Там во сне в один из дней моего счастливого советского детства мы с ним и познакомились. Он даже, помню, представился:
- Нган: туарег и марсианин по совместительству, - и предложил свое покровительство. В детстве же все мы, земные весьма доверчивы, вот я ему и доверился. Хотя и говаривала ворча бабуле Хана, что именно из-за таких в прошлом случались соляные столбы. Но у меня самого к тому времени к Нгану такое доверие образовалось, что строгое ворчание старенькой Ханы раскалывалось об это доверие как грецкий орех о камень преткновения.
 -  Мудрец, - обычно говорил я ему, хотя,  впрочем, такая кличка в Сахаре не прижилась.  - Ты сейчас на меня намекаешь, -  спрашивал я его о своем очередном жизненном затруднении.  - А?
- Да нет, что ты. Кабы я намекал, то тебя бы уже давно в мышеловку глупости заманил.

Вот Нган и научил меня мысленно волочится с ним по Земле, и с тех пор, где только с ним я не побывал, в каких ситуациях ни был, но всегда получалось выходить чистёхонько сухим насухо, поскольку особого участия мое сегодня бы сказали виртуальное присутствие не требовало. Здесь уж точно по-жречески: пришел, увидел, растворил с самом же себе все доопытные априорные предощущения.

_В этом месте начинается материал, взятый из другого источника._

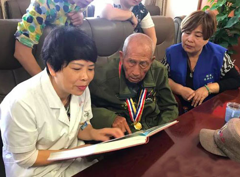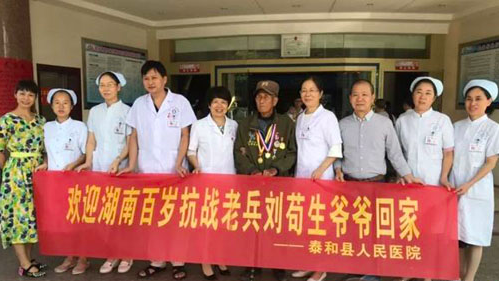 77年前,一名湖南籍抗战士兵,因作战负伤在惊喜吉安市泰和县后方医院治疗,77年来,泰和县始终是老兵的魂牵梦绕之地。10月3日上午,湖南98岁抗战老兵刘苟生老人在其孙子和志愿者李玫的陪同下,回到了他曾经熟悉的地方——泰和县人民医院圆了自己77年来的梦。老人参观了医院的院容院貌和部分临床科室,看到医院发展得这么快,变化如此之大,由衷地感到高兴。
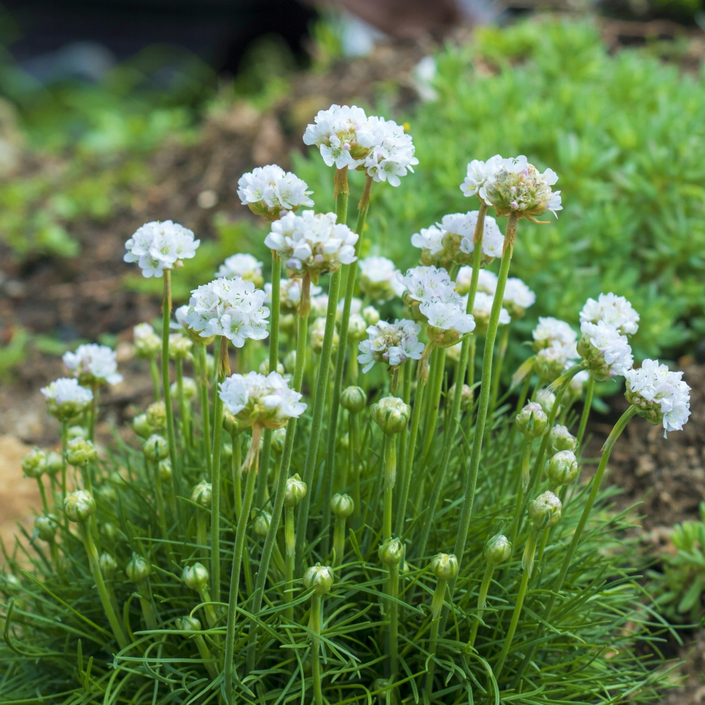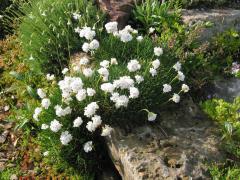 Kompaktný zelený vankúšik s bielymi kvetmi je ozdobou každej skalky.
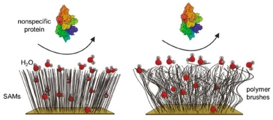 Instead, the interfacial water that strongly binds to the molecule plays a critical role in the resistance to biomaterials. The polar groups on the surface form a hydration layer via hydrogen bonding. Adsorbing biomolecules to this surface simply involves the disconnection of hydrogen bonds between water and the surface followed by replacement with the functional groups of biomaterials; this process is not thermodynamically favorable []. From this point of view, researchers have focused more on the importance of the water layer in hydrophilic SAMs and their resistance to protein adsorption. Whiteside et al. reported a study of the adsorption of four proteins to SAMs on gold []. In this pioneering work, SAMs derived from thiols of HS(CH2)10CH3 and HS(CH2)11(OCH2CH2)nOR, in which n = 0–17 and R = H or CH3, were tested to investigate the effects of the length and number of ethylene oxide (EG) groups on protein resistance. The data showed that relatively densely packed SAMs with a few EG units (at least two EG units) effectively resist protein adsorption and concluded that the steric repulsion theory does not critically contribute when attempting to fully understand protein resistance. This observation clearly demonstrated that SAMs could cover a large number of chains per unit surface area with shorter chain lengths than those of other techniques for antifouling purposes.

Но при этом опыт копился и однажды Нган возвел меня в ранг Дервиша, да с тем до времени и распрощался. А я на годы остался на Земле в одном из самых тоталитарных её уголков - тупо репу чесать. И вот что еще. Реальных земных туарегов-триглодидов  впервые увидал в экскурсионном уголке тунисской Сахары только в 2008-м году. А до тех пор я страшно завидовал Тартарену из Тараскона, но только до октября 2014 года, когда воочию увидал реальное нашествие туарегов в Париже.

В том месяце у них там был сильный наплыв, потому что караваны верблюдов, груженных чем-то вроде песка из самых продвинутых прежде допустынных промышленных зон перекорячили мирную доселе пустыню, превратив ее в тихий кошмар.  Такое вряд ли случалось уже лет двадцать. Кто-то их навел, конечно, на очередные карты некого пустынного пейсатого Пири Рейса, но подобные планетарные поиски прежде  не случались в наших краях.

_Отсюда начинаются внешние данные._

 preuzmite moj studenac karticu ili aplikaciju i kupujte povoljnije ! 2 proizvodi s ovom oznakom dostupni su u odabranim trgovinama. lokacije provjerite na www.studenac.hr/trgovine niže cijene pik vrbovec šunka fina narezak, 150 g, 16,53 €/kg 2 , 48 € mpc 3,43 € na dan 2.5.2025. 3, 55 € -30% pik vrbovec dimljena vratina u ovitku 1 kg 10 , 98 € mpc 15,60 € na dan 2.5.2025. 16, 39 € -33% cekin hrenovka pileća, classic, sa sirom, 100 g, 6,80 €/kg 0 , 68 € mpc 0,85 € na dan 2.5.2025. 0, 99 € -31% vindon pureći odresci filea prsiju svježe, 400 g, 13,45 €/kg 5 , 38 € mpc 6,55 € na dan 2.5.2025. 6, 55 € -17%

Но в ту пору, вы только представьте, я уже сам успел получить от Нгана сан планетарного Дервиша, и после того просто оставался тупо и бесполезно сидеть, почесывая репу, не в самом приглядном для себя уголке планеты Земля. Однако, это Нган настоял, чтобы я здесь и оставался для чистоты планетарного эксперимента. Хотите узнать, а что было-всплыло в последующем, тогда, добро пожаловать – нхат пси зордак, и ответное лаутроп в мир бредущих по пескам караванов памяти.

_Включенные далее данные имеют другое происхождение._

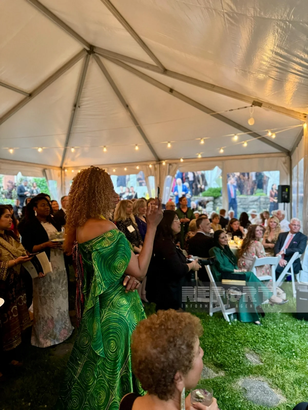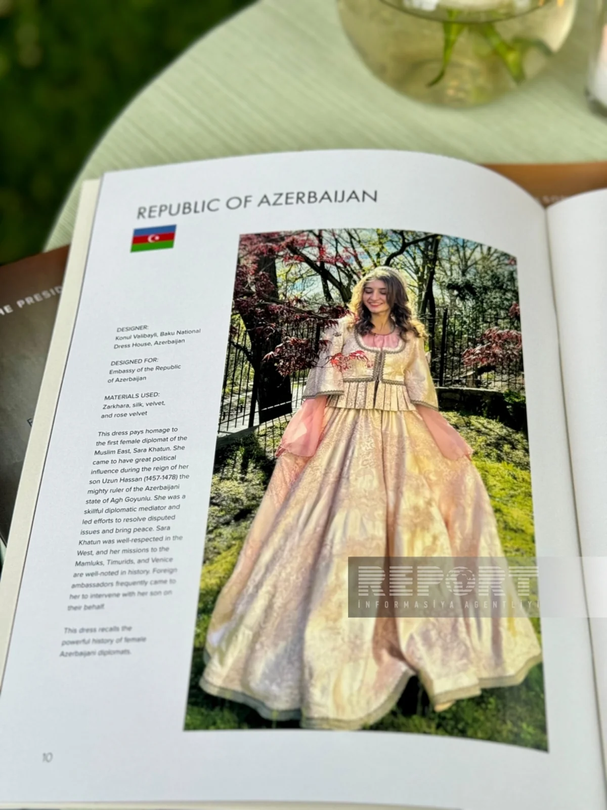 “Report”un ABŞ bürosu xəbər verir ki, “Fashioning Power, Fashioning Peace” adı altında baş tutmuş sərgidə Azərbaycanın Vaşinqtondakı səfirliyinin səyləri ilə nəfəsi əsirlərdən gələn zərxaradan (zərli ipəkdən toxunulmuş parlaq və şax ipək parça) və məxmər, qızılgül çiçəyi parçasından tikilən Azərbaycanın milli libası təqdim olunub.
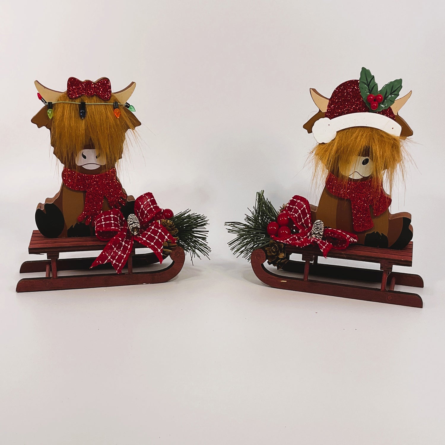 ITEM: Christmas Decor - Chunky Wood Highland Cow Reindeer and Sleds 2pc
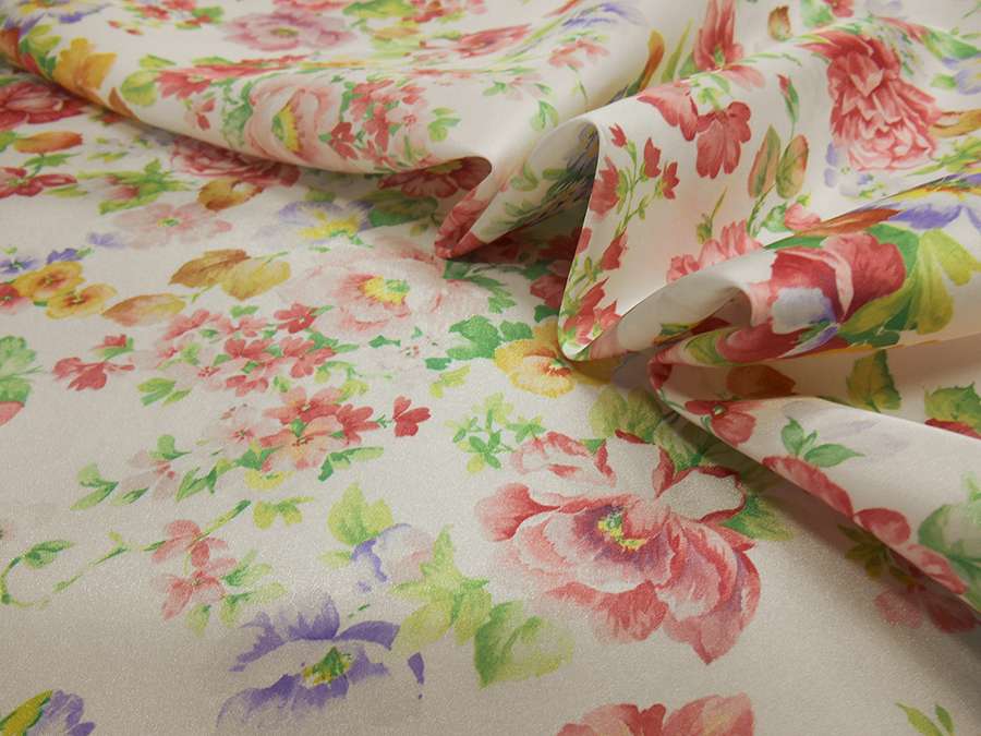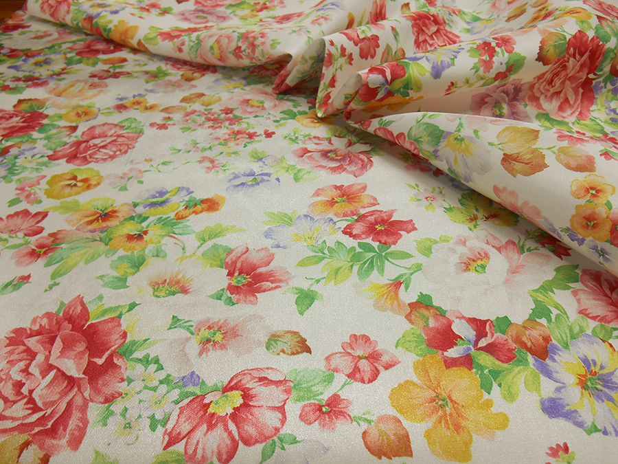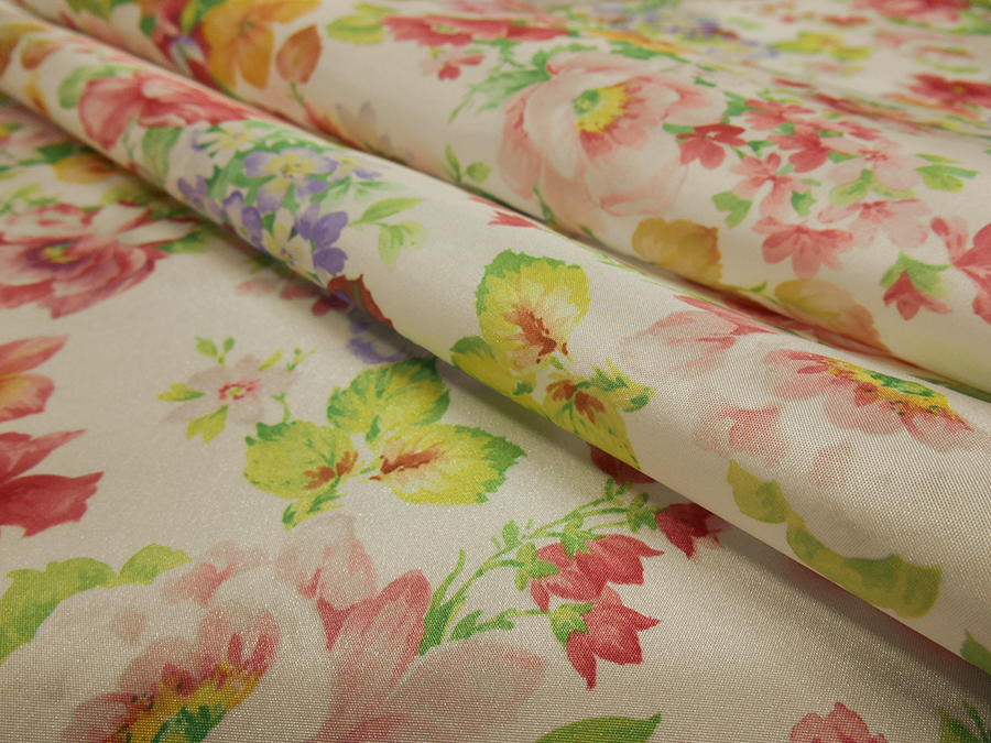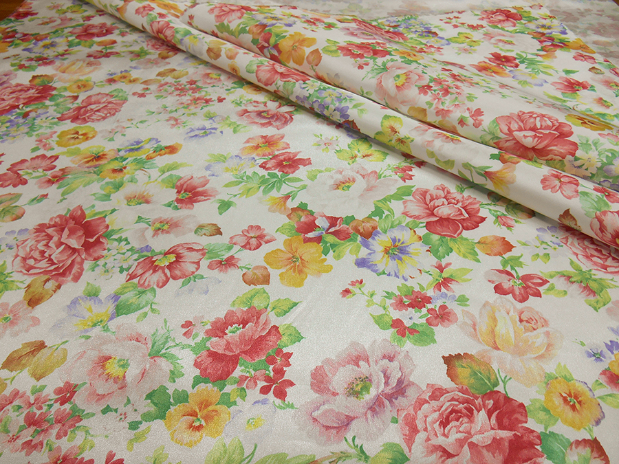 LEGGERO E RIGIDO TAFFETA’ FONDO BIANCO CON CLASSICHE ROSE INGLESI. INDICATO PER: GONNE, ABITI ECC.
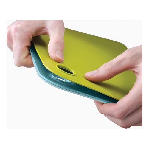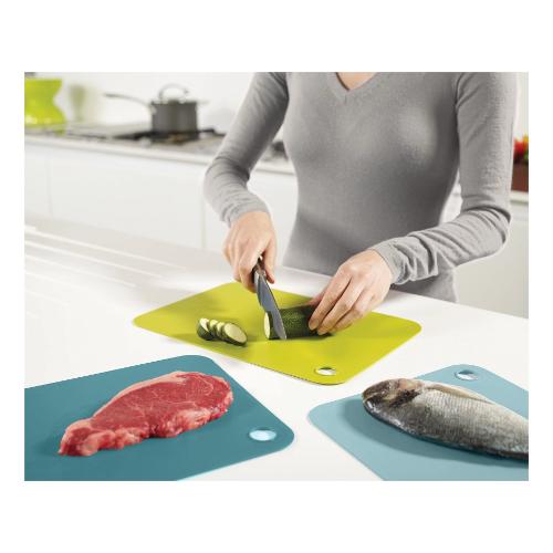 Il set di taglieri flessibili Joseph Joseph Duo è perfetto per una cucina pratica, igienica e ben organizzata. Realizzati in plastica senza BPA, offrono una superficie resistente e versatile per il taglio di diversi alimenti. Grazie al design flessibile, è possibile trasferire facilmente gli ingredienti direttamente in pentola, evitando sprechi e disordine. Ogni tagliere ha un colore differente per distinguere l'uso e ridurre il rischio di contaminazione incrociata: verde per la frutta, blu per il pesce e un terzo colore per altri alimenti. Il foro integrato permette di impilarli tra loro, garantendo una soluzione salvaspazio e un'archiviazione ordinata. Inoltre, sono lavabili in lavastoviglie, rendendo la pulizia rapida e semplice. Un set pratico ed essenziale per chi cerca efficienza, igiene e comodità nella preparazione dei pasti

Но вот какая незадача: в последнее время прочитаю, проштудирую, распланирую все по часам и минутам, а делания нет. Не могу себя заставить выполнять свои же планы. Что это? Майский синдром или что-то еще? Попробую ответить. Майский синдром, это когда у одних напахивается на грядках спина, у других просто пухнут мозги, а у третьих, обычно Учителей, разламывается на части, уставшая за прошедший учебный год душа, или что-то вроде того.
Где-то рядом лежат обломки Времени. В точке исхода из временного портала в бесконечно глухой тишине протекает квази-Эра отшумевшей бездны эпох. Об этом уже не однажды сообщалось. Континуум фактов принимает перегрузку потрясения на себя, и выход в осуществлении протекает с незримой болью, и тогда происходит выход за границы реальности – окончательный или нет, но непременно энергетически тяжкий.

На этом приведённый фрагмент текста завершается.